[TASK STATEMENT]
Take the lines of the data below from the very first through the line containing "Угол DCO=ABO, как" and output them exactly, pictures excluded.

============================================================

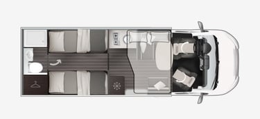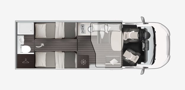 Zefiro 282TL - pentru familia care caută spațiu și spațiu de depozitare. Cu paturi twin în spate și zonă independentă pentru toaletă/duș.
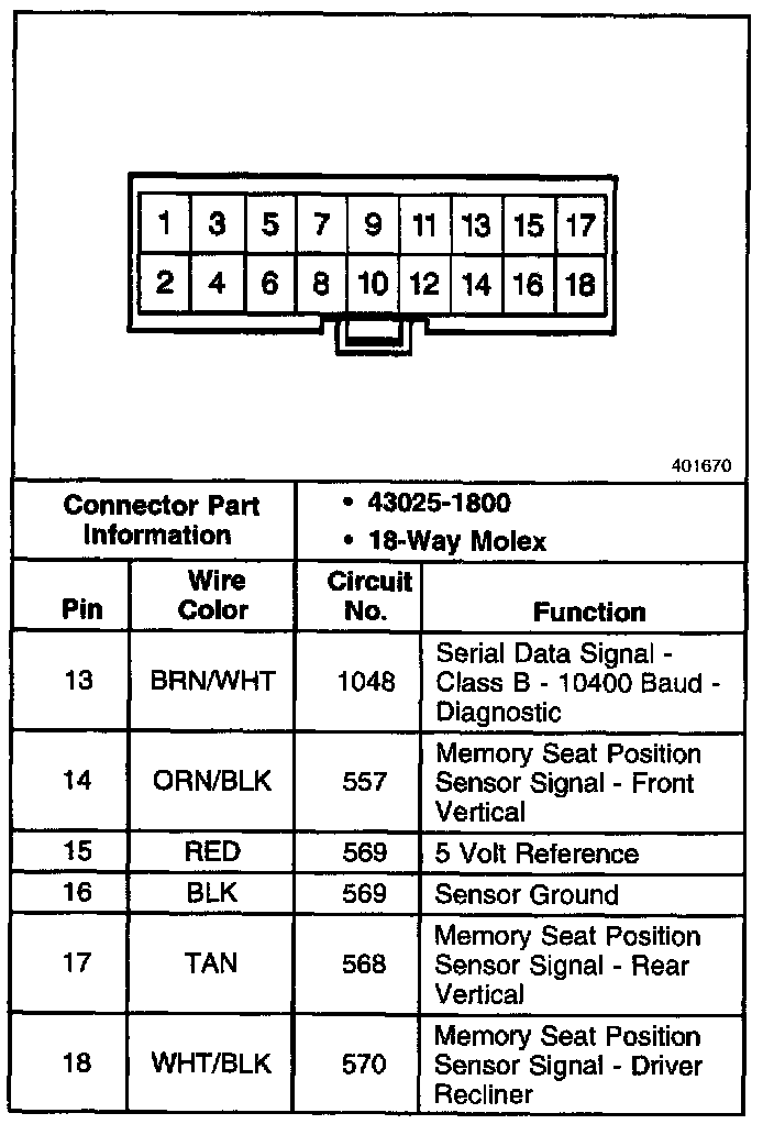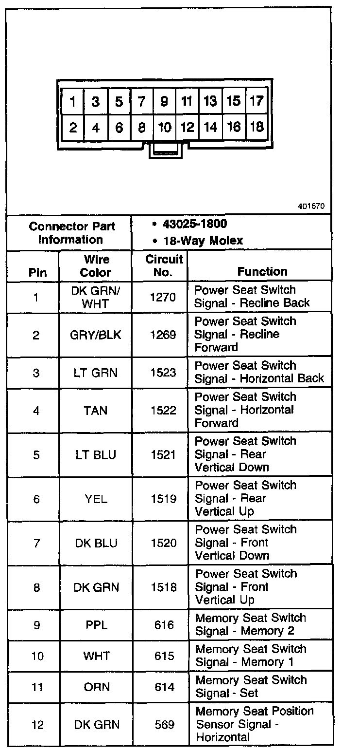Seat Adjuster Memory Module,Connector C1 (Part 1 Of 2):
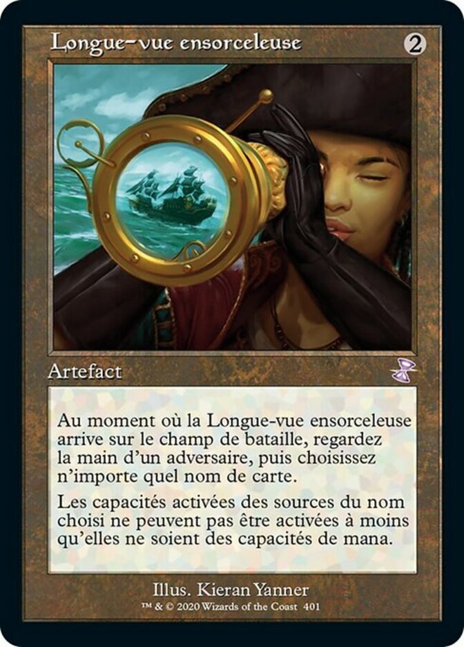 | Rules | As Sorcerous Spyglass enters the battlefield, look at an opponent's hand, then choose any card name. Activated abilities of sources with the chosen name can't be activated unless they're mana abilities. |
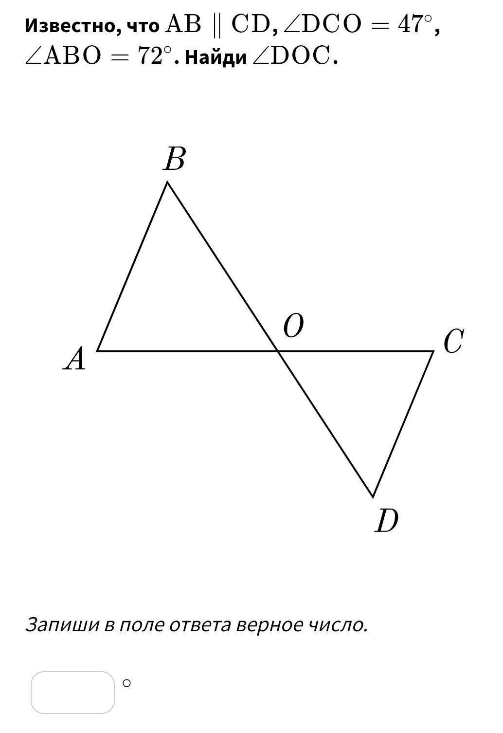Угол DCO=ABO, как внешне накрест лежащий. Так как сумма углов одного треугольника равно 180°, то нужно 180-(72+47), получится 61. Ответ: 61°.
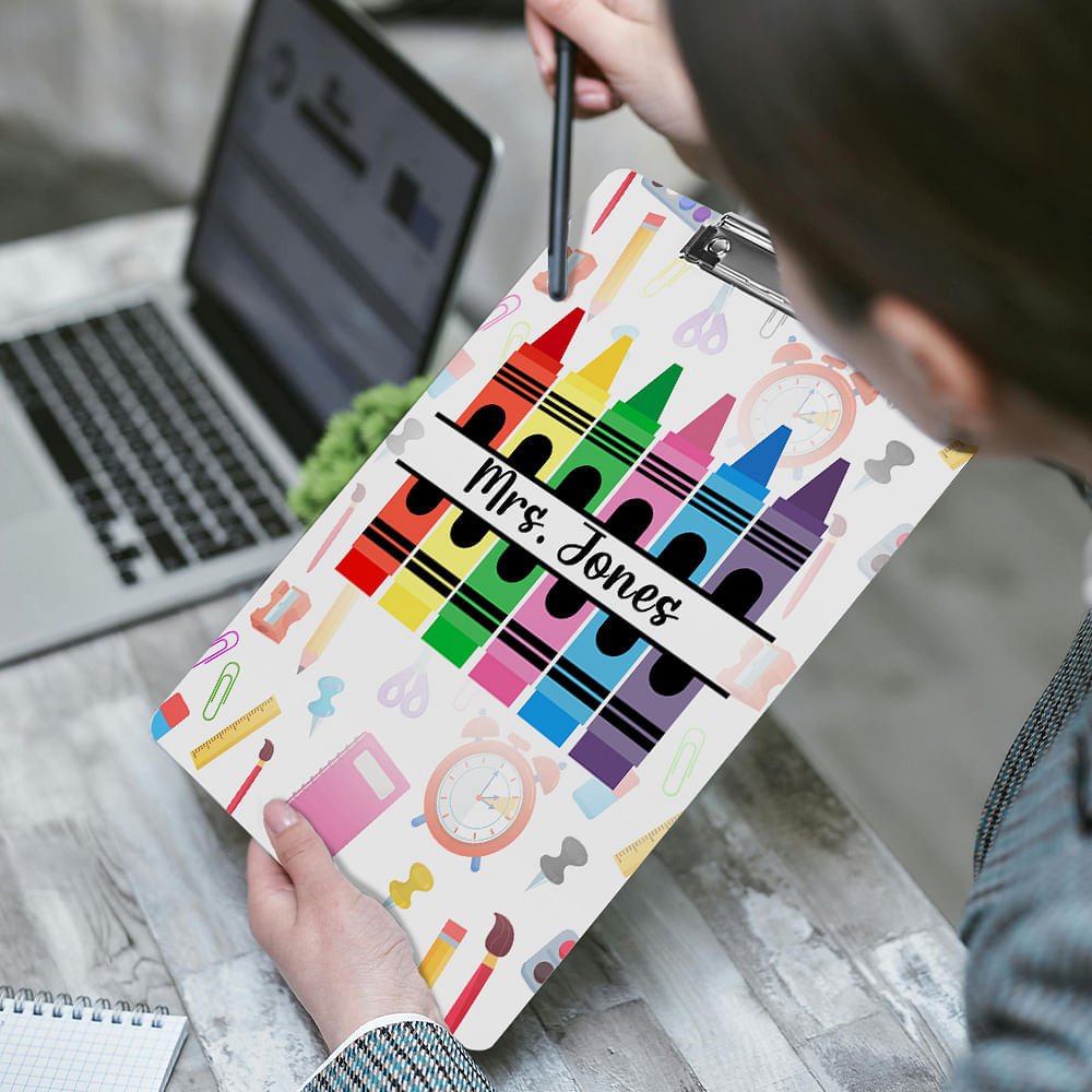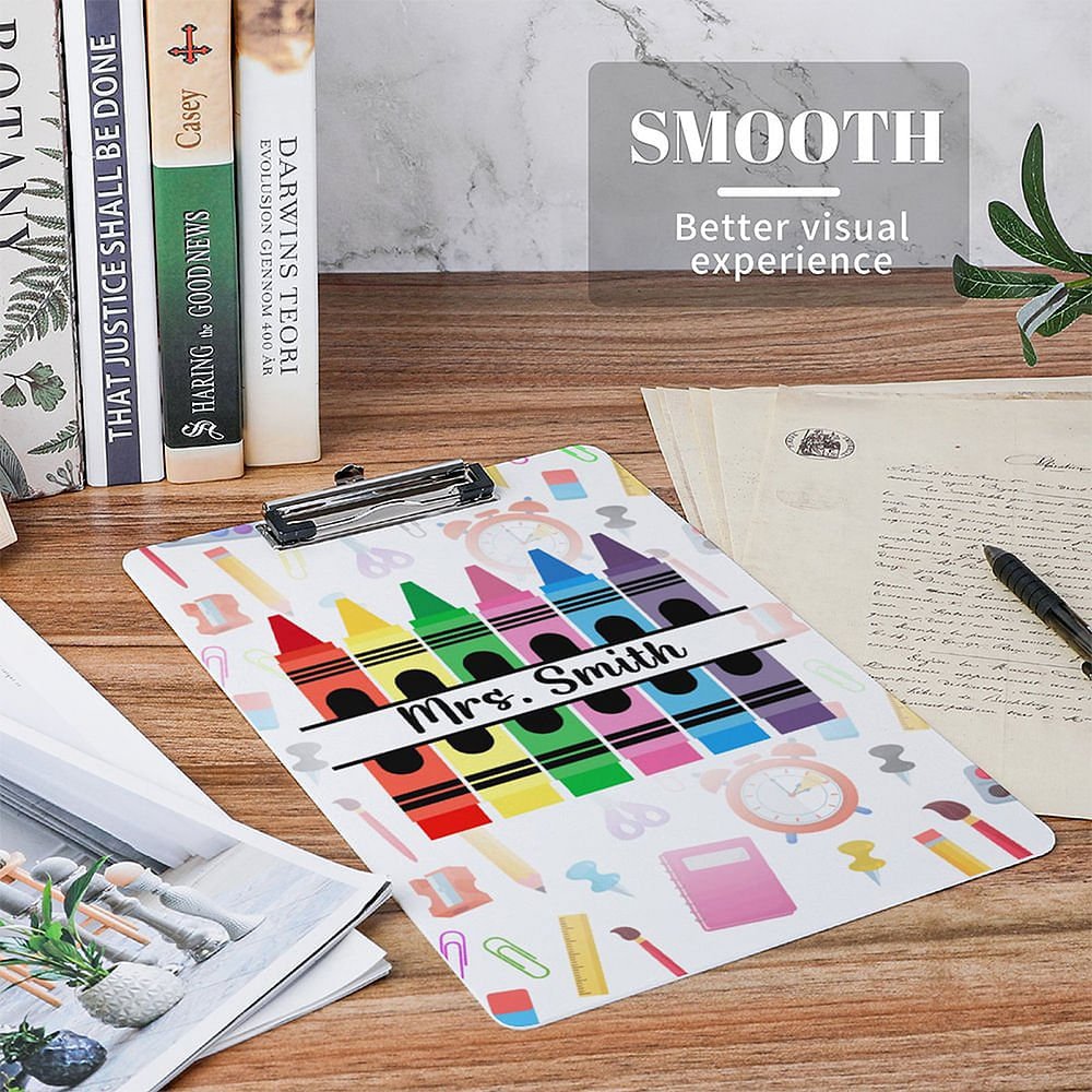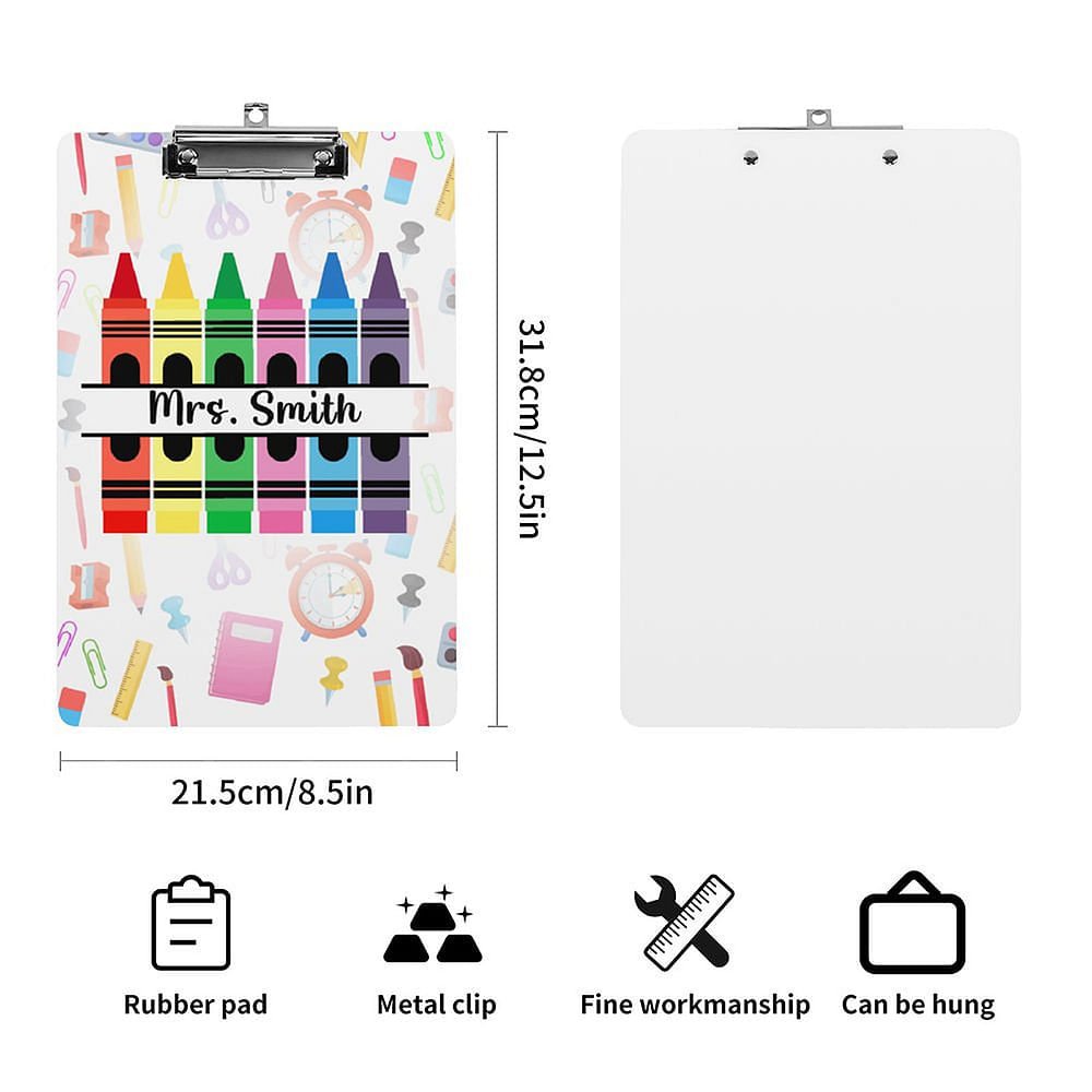 This clipboard has a crayon pattern printed in the middle and other teaching elements printed around it. The design of the clipboard is exquisite, and it has bright colours. The use of various patterns increases its visual appeal and interest. You can also customize the name on the board to make the clipboard more personal.

============================================================

[RESPONSE TO THIS EXERCISE]
 Zefiro 282TL - pentru familia care caută spațiu și spațiu de depozitare. Cu paturi twin în spate și zonă independentă pentru toaletă/duș.
Seat Adjuster Memory Module,Connector C1 (Part 1 Of 2):
 | Rules | As Sorcerous Spyglass enters the battlefield, look at an opponent's hand, then choose any card name. Activated abilities of sources with the chosen name can't be activated unless they're mana abilities. |
Угол DCO=ABO, как внешне накрест лежащий. Так как сумма углов одного треугольника равно 180°, то нужно 180-(72+47), получится 61. Ответ: 61°.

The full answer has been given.